Талейран был поглощен жгучей ненавистью к Англии еще до начала Революции и в сочетании с другом дал практическую иллюстрацию своей враждебности, снарядив капер в Бресте, который был предназначен для перехвата британских судов, торгующих с Вест-Индией; и поскольку мы не помним, чтобы видели этот странный инцидент в его жизни, упомянутый где-либо еще, мы дадим краткий отчет о нем, который предоставил г-н Кольмаш:

«Внезапная перемена от легкомысленного папиллотажа старого режима к мрачному энтузиазму, который вспыхнул в эпоху американской войны, произвела мало впечатления на г-на Талейрана. Он был явно подготовлен; и сразу же заявил свое мнение, не памфлетами или подстрекательскими речами, а аргументом гораздо более убедительным, чем любой из них. Совместно со своим другом, графом Шуазель-Гуфье, он снарядил капер, который назвал «Святое дело» и который покинул гавань Бреста в мае 1779 года. Герцог де Кастри, тогдашний морской министр, предоставил пушки. Этот единственный факт почти послужил бы для описания времени. Военное судно, вооруженное и снаряженное генеральным агентом духовенства Франции, при содействии ученого из высшего дворянства и при поддержке одного из министров, демонстрирует сразу же полное смешение идей, которое должно было существовать как раз тогда. Я слышал, что капер, который, будучи передан под командование беглого отпрыска знати, должен был нести смерть и разрушение среди английских торговых судов, торгующих из Вест-Индии, больше никогда не появлялся на французском побережье. Как бы то ни было, я знаю, что принц не любит говорить об этом маленьком эпизоде в своей жизни; и на днях, когда его спросили довольно пристально на эту тему, он ответил: «Оставим это, это один из моих грехов молодости». (Стр. 232.)»

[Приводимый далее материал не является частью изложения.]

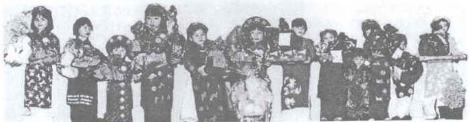
Thiếu nhi, rường cột nước nhà. Quang cảnh buổi lễ trao quà ngày Quốc phục Thiếu nhi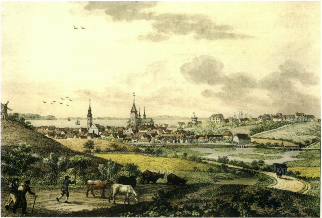
Fig. 6. Udsigt over Århus fra nord-vest omkring 1823. Kvæget drives ind til købstaden. Til venstre vindmøllen på de såkaldte Mølletøfter. I baggrunden den lille købstad omgivet af byens planker (Tegning af S. Læssøe Lange i Den gamle by, Århus ).

borgere handler lidt ved siden af andet erhverv. Fiskeriet har man på dette tidspunkt bortforpagtet, og jagt er der ingen af. 76 Til sammenligning var der 56 købmænd i Randers på samme tidspunkt. 77

Настрой ума, указанный этим отрывком, сам по себе был одним из предвестников Революции, ибо в то время Франция стала бредить на тему американской борьбы; и ее солдаты и дворяне, которые помогали восставшим провинциалам, были заняты сбором плодов того урожая республиканизма, который они так скоро собирались перевезти в свою собственную страну, где им суждено было произвести необычайные результаты. В то время, когда произошло это событие, Талейрану было двадцать пять лет, и он был в духовном сане; и мы должны предполагать, что англомания, которая охватила его соотечественников десять лет спустя и была в моде в 89-м, еще не началась. Анекдот любопытен, но он кажется нам иллюстративным скорее для характера эпохи и людей, чем для отдельного человека, для которого в его естественном настроении это было «слишком выражено».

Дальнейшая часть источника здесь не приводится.